Über das Motiv wird noch spekuliert. Einige Medien berichteten, dass die Schüsse einen islamistischen Hintergrund haben könnten.
In sozialen Netzwerken wurde nach Angaben der Bundesanwaltschaft ein Beitrag einer Person geteilt, die sich als der Angreifer ausgebe und behaupte, von der Terrororganisation «Islamischer Staat» inspiriert zu sein.
Die Nachrichtenagentur Belga zitierte einen Sprecher der Bundesstaatsanwaltschaft, wonach auch die schwedische Staatsangehörigkeit der Opfer eine Motivation für die Tat sein könnte. In diesem Jahr hatten Menschen in Schweden und später auch in Dänemark mehrmals Koran-Exemplare verbrannt und damit wütende Reaktionen unter Muslimen ausgelöst.
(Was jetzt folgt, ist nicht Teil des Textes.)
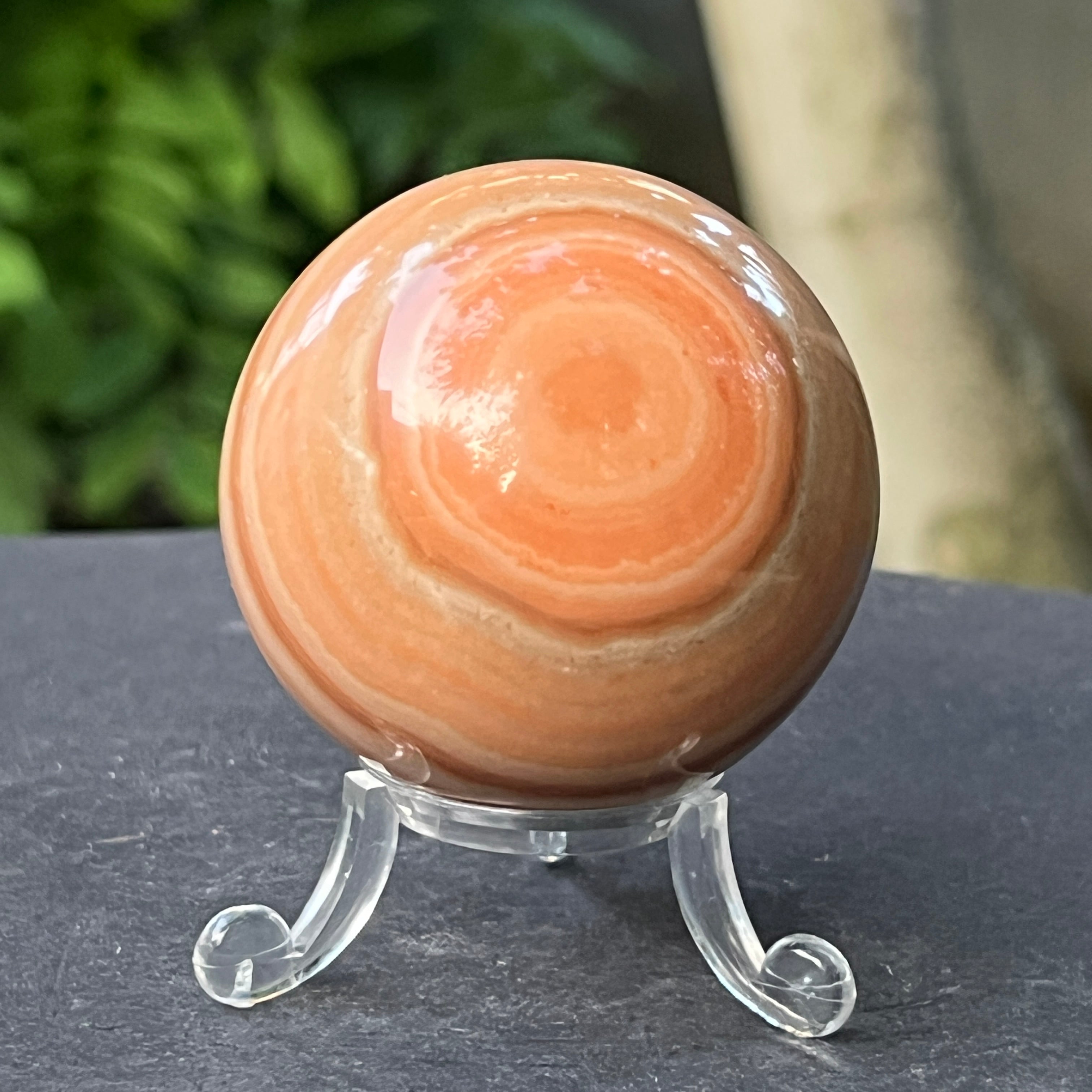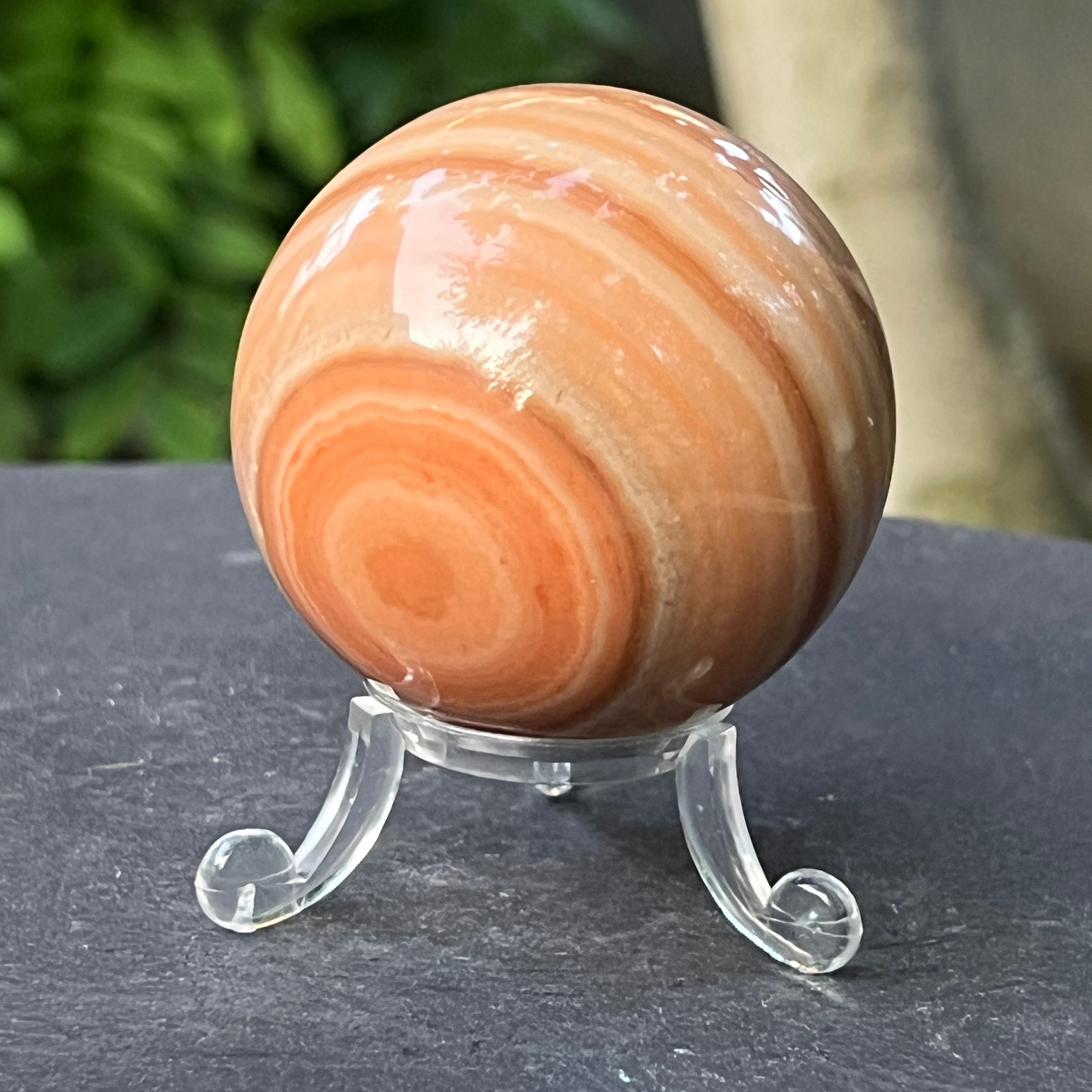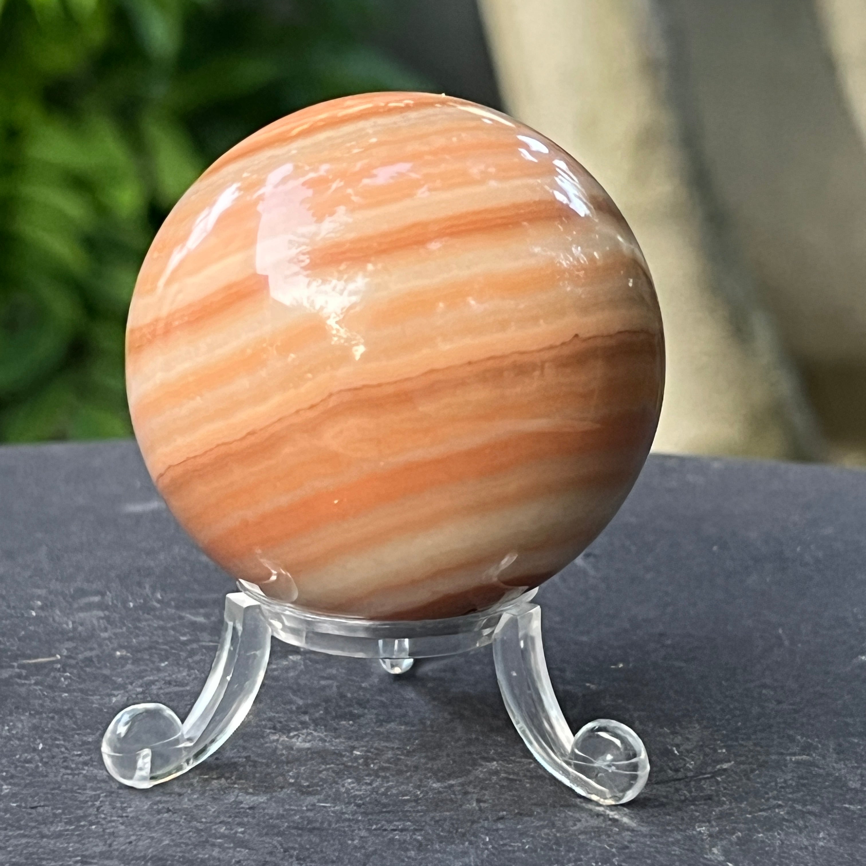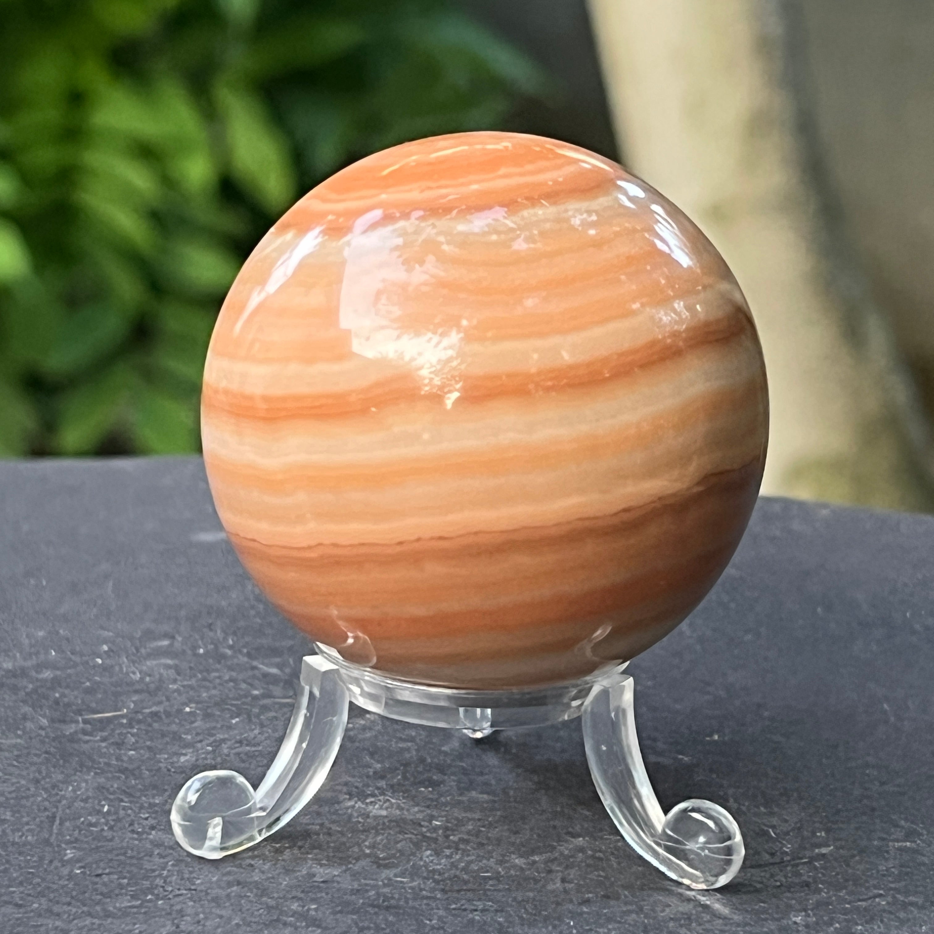 Оранжев ивициран ониксов сферичен камък | Модел 2

Für die skandinavischen Länder hatte all das diplomatischen Ärger nach sich gezogen.
Der Rat der Muslime in Belgien verurteilte das Attentat. Er forderte die Behörden «zu grösster Entschlossenheit auf, um unsere nationale Gemeinschaft zu schützen und so schnell wie möglich Licht ins Dunkel zu bringen».
Die beiden Schweden starben rund fünf Kilometer entfernt vom Brüsseler Fussballstadion, wo die Nationalmannschaften Belgiens und Schwedens in einem EM-Qualifikationsspiel gegeneinander spielten. Das Spiel wurde abgebrochen. Die Nachricht vom Tod der beiden Schweden verbreitete sich in der Halbzeitpause. Nach Angaben des schwedischen TV-Senders SVT hätten die Spieler der schwedischen Nationalmannschaft daraufhin beschlossen, das Spiel nicht fortzusetzen. Die belgischen Nationalspieler hätten sich dem angeschlossen. Mehrere Tausend Menschen mussten aus Sicherheitsgründen zunächst im Brüsseler Fussballstadion ausharren, bis sie evakuiert werden konnten.
Gemäss Beiträgen auf den sozialen Medien waren die beiden Todesopfer Fans der schwedischen Nationalmannschaft. Dies wurde allerdings noch nicht offiziell bestätigt.
Es ist nicht das erste Mal, dass in Brüssel Menschen Opfer eines Anschlags werden. Erst vor rund vier Wochen endete der Prozess zu den Brüsseler Terroranschlägen von 2016. Drei Selbstmordattentäter der Terrororganisation «Islamischer Staat» (IS) hatten damals Bomben am Brüsseler Flughafen Zaventem sowie in einer U-Bahn-Station im Herzen der belgischen Hauptstadt gezündet. Sie töteten über 30 Menschen, 340 wurden verletzt. Für Fassungslosigkeit bei den Hinterbliebenen sorgten damals auch Medienberichte, wonach mehrere der Angeklagten vor den Anschlägen von den belgischen Sicherheitsbehörden überwacht worden waren - und später dennoch ihre Bluttaten verüben konnten.
Der schwedische Ministerpräsident Ulf Kristersson rief seine Landsleute in Belgien zu Vorsicht und Wachsamkeit auf. De Croo drückte Kristersson sein aufrichtiges Beileid aus: «Als enge Partner ist der Kampf gegen den Terrorismus ein gemeinsamer Kampf.» Der Sprecher der Bundesstaatsanwaltschaft stellte allerdings klar, dass es bislang keine Verbindung zwischen dem Anschlag und dem israelisch-palästinensischen Konflikt gebe.
EU-Kommissionspräsidentin Ursula von der Leyen sprach von einem «feigen Anschlag» und drückte den Menschen in Schweden ihr Beileid aus. Der belgische EU-Ratspräsident Charles Michel schrieb auf X: «Das Herz Europas wird von Gewalt getroffen. Mein Mitgefühl gilt den Familien der Opfer des tödlichen Anschlags im Zentrum von Brüssel.» Der belgische Königspalast zeigte sich «schockiert» und drückte seine «Unterstützung für die Sicherheitskräfte aus, die alles tun, um den Urheber der Taten zu fassen», hiess es auf X.